Police found that the card had been bought online from Red Frog Designs, which confirmed that the payment details and delivery order came from Olliver.
Mrs Price said: “All the weight was lifted off our shoulders — we knew finally who was doing it.”
Olliver denied that he was responsible and claimed that a friend of his teenage son, who was staying with him at the time, could have accessed his laptop. He told the court that the boy had been underpaid by Mr Read for a day’s work and was “not happy” about it.
Olliver was interviewed by police on January 25, 2020 and told to stay away from the family.
However, Mrs Price said the family couldn’t relax as they were “just waiting for the next thing to happen” and she and Mr Read argued.
She said: “I just wanted to move home — I was adamant. We split up for three days as I was so sick and tired of it.”
Mr Read added: “It was pretty bad and I was sleeping on the sofa for a long time.”
On April 26, Mr Read was cycling in Greenmore, Woodcote, at about 11am when Olliver drove past him and spat.
The spit landed on his right
forearm and tracksuit bottoms. Mr Read said: “I was really p***ed off. He could have knocked me off my bike. I was on the phone to the police within the hour.”
In court, Olliver denied this, saying: “It’s absolutely nonsense. It’s him all over — I didn’t do it.”
Kate Macnab, defending, suggested to Mr Read that he had made up the incident out of “frustration” at Olliver not being prosecuted for sending the card.
On May 15, Mr Read’s mother Angela was walking her dog along Whitehouse Road when Olliver drove past and spat out the window at her. The spit landed on the road.
Mrs Read told the court that she “waved her phone at him” and shouted.
She said she recognised Olliver from when he was a pupil at Langtree School in Woodcote, where she worked as a dinner lady.
Nicola Jones, a friend of who was talking to her on the phone at the time, corroborated the incident, telling the court that Mrs Read had been “flustered” and told her “that b****y Bryan Olliver just spat at me”.

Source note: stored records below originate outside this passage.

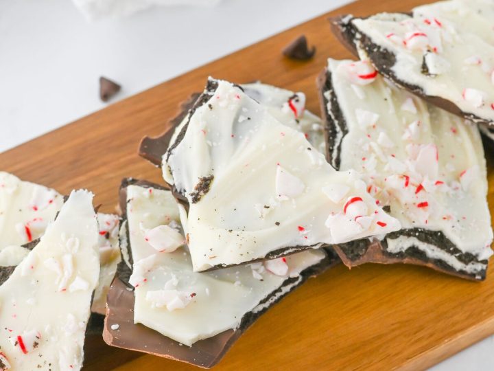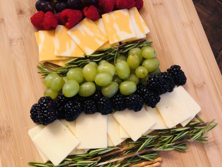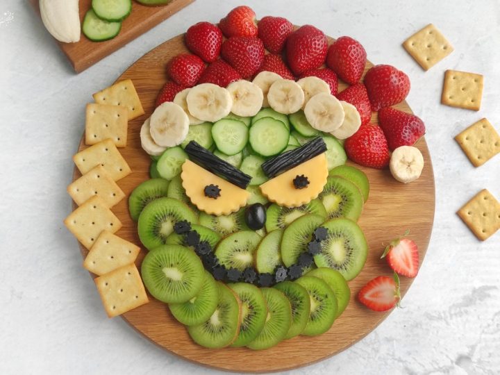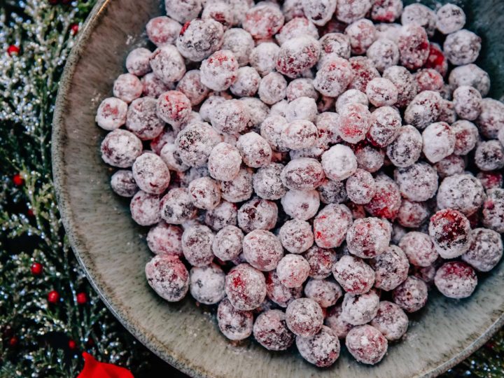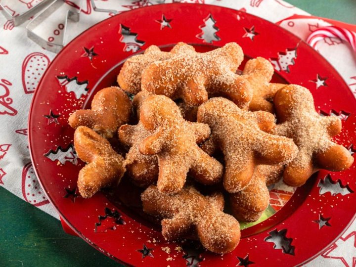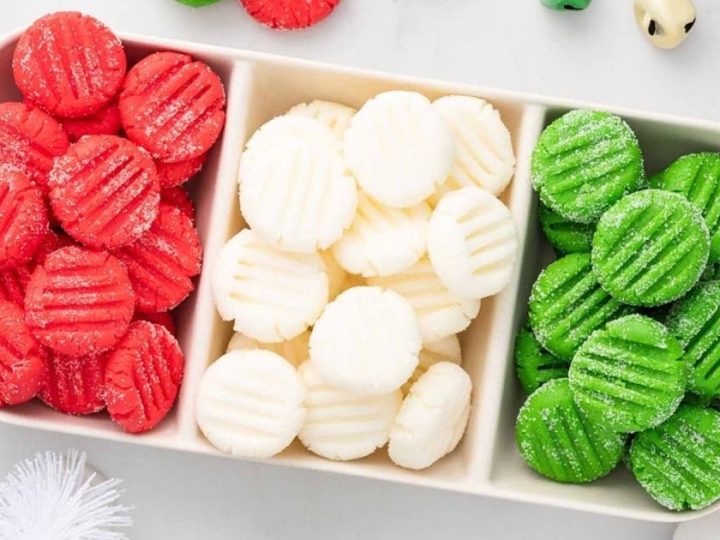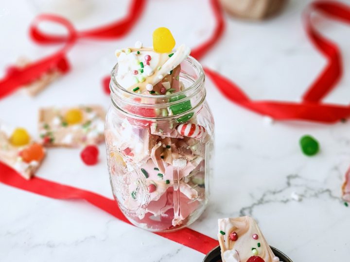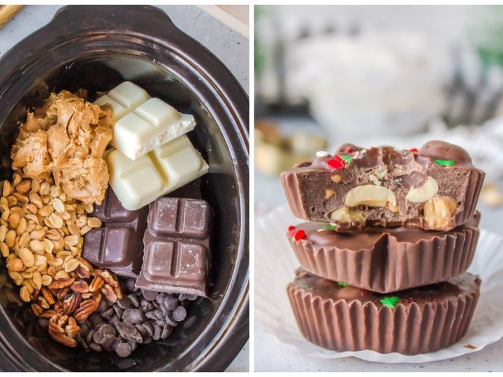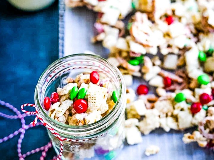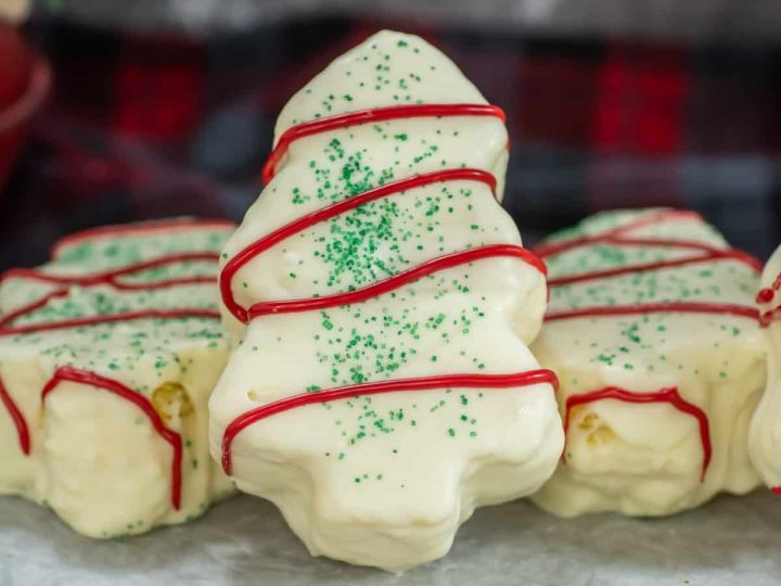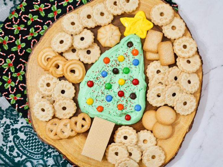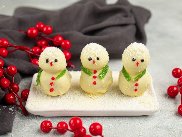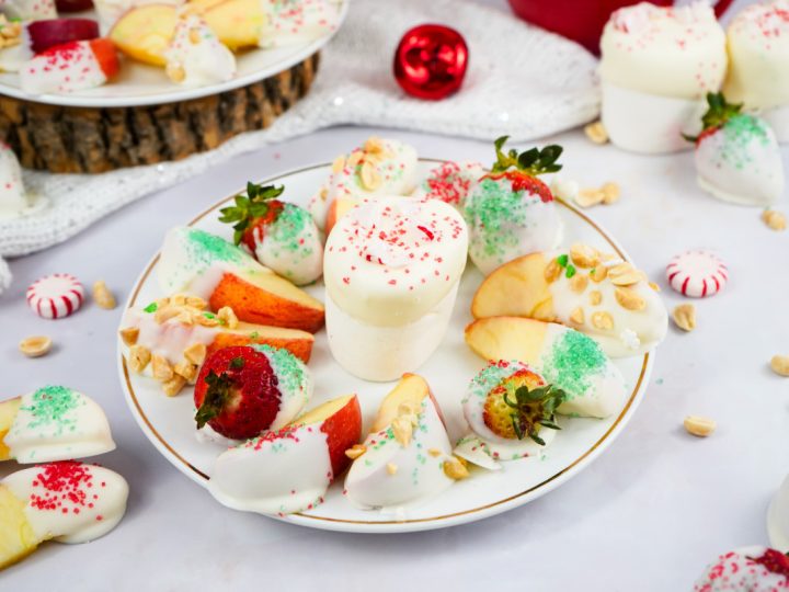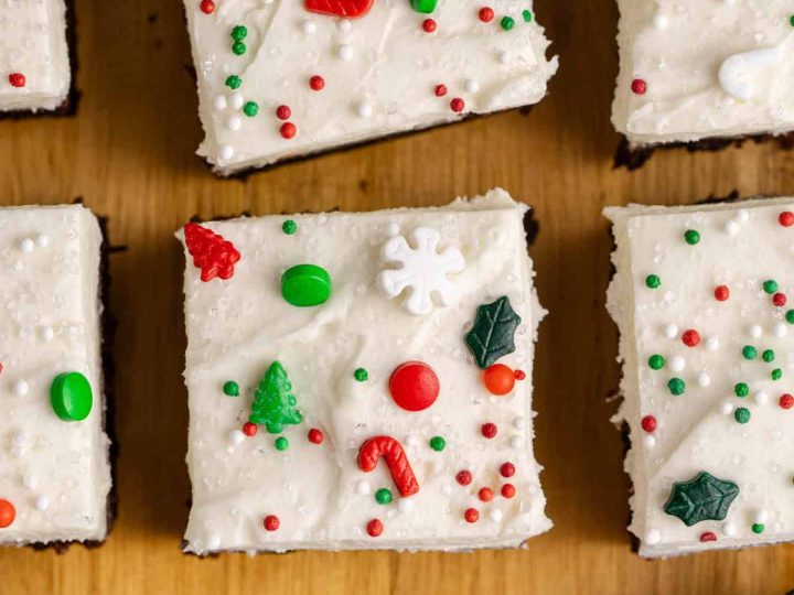 A collage of Christmas treats for kids: meringue trees, reindeer brownies, tree cupcakes, strawberry Santas, snowmen, and thumbprint cookies.
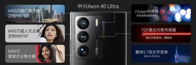 在全面屏让用户“看见大场面”的同时,中兴Axon 40 Ultra三主摄配置全面升级,打造涵盖6400万像素超人文主摄、6400万像素超广角主摄、6400万像素潜望式长焦主摄的业界最强三主摄,匹配多个“业界唯一”的强大计算影像能力,进一步成就“记录大场面”的影像旗舰。
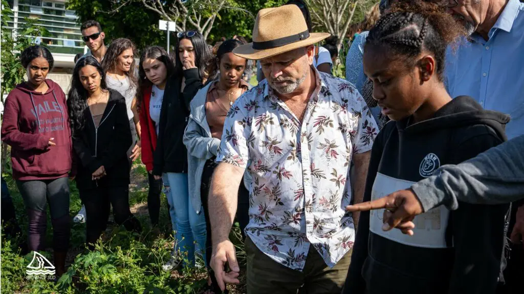 Accompagné des équipes de la Direction provinciale du développement durable des territoires (DDDT), Philippe Blaise était ravi d’échanger avec une jeunesse consciente des bénéfices à la fois psychologiques et physiques du jardinage, qui relève d’un « langage universel et fédérateur » : « Jardiner c’est se retrouver autour de la terre et des racines pour mener des actions communes et recréer du lien social et humain. Jardiner revient à s’entraîner intellectuellement à des tâches complexes car ce n’est pas si simple de planter : il faut comprendre la terre, la nature, les plantes, leurs besoins … Il y a là un véritable travail à la fois physique et intellectuel pour que le projet porte ses fruits. »
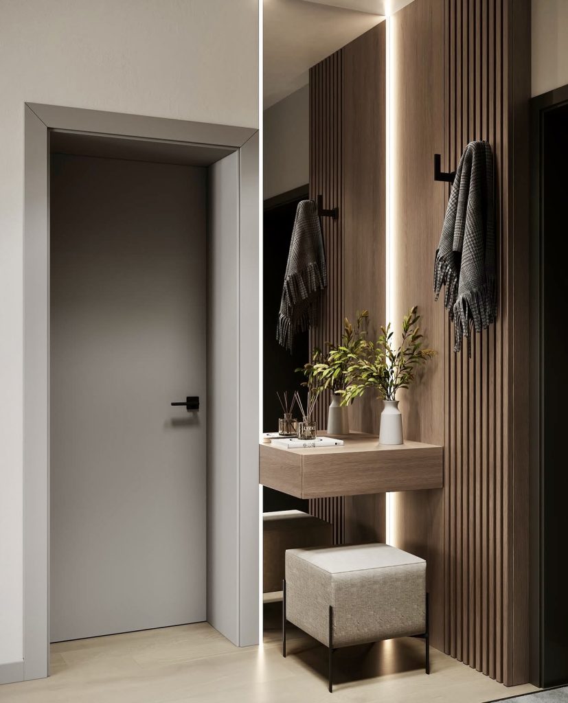 This space showcases the rise of natural textures in hallway decorating in 2026. Earth-toned walls, soft lighting, and curved shapes create an inviting atmosphere. The combination of oak furniture and a sculptural mirror introduces balance—simplicity without sterility. Perfect for narrow entries or small apartments, this design radiates calm energy, ideal for winding down after busy school days or welcoming guests to a serene home.
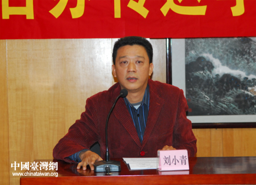 廣東省臺辦綜合研究處負責同志作十八大精神學習體會專題發(fā)言。(圖片來源:廣東省臺辦)
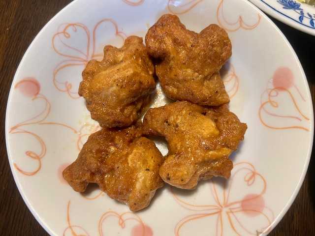 冷凍唐揚げを4個追加。夫と2個ずつ食べました。レモンをかけて。
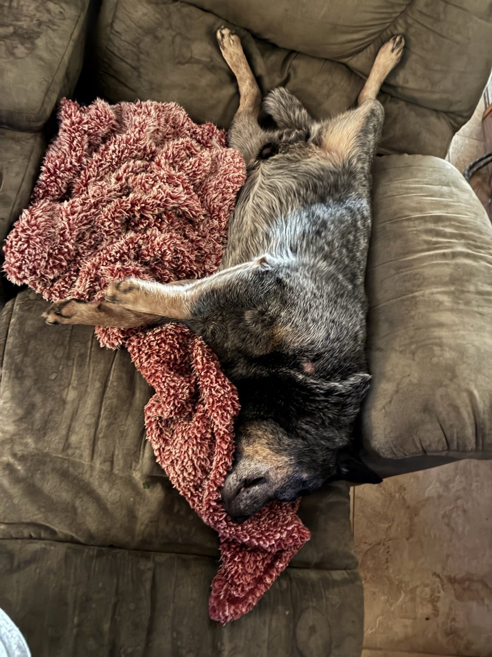 He was he’s made several steps. He still thinks he needs to be in front of the lawn mower in case a booger jumps out to get it

Mrs Read said she had been worried about the spit as it was during the coronavirus pandemic.
Olliver was arrested and charged that evening.
In court, he admitted he had been in the area at that time but denied spitting at Mrs Read.
He said: “I think she drinks too much. It’s black and white, she’s trying to help her man — she wasn’t there.”
Fiona Clark, the lead magistrate, said Olliver’s evidence wasn’t as credible as that of Mr Read and Mrs Price whom she called “good character witnesses”.
Mrs Price said she felt “elated” after the trial.
She said: “Our friends and family are delighted we got the rightful verdict and they said well done for seeing this through and holding him accountable.
“We really felt hated and alienated. He did it out of sheer hate.”
Mr Read said: “We’d like to see him sentenced for a hate crime rather than assault and malicious communication — he deserves it.”
The magistrates ordered a pre-sentence report on Olliver, who remains on unconditional bail.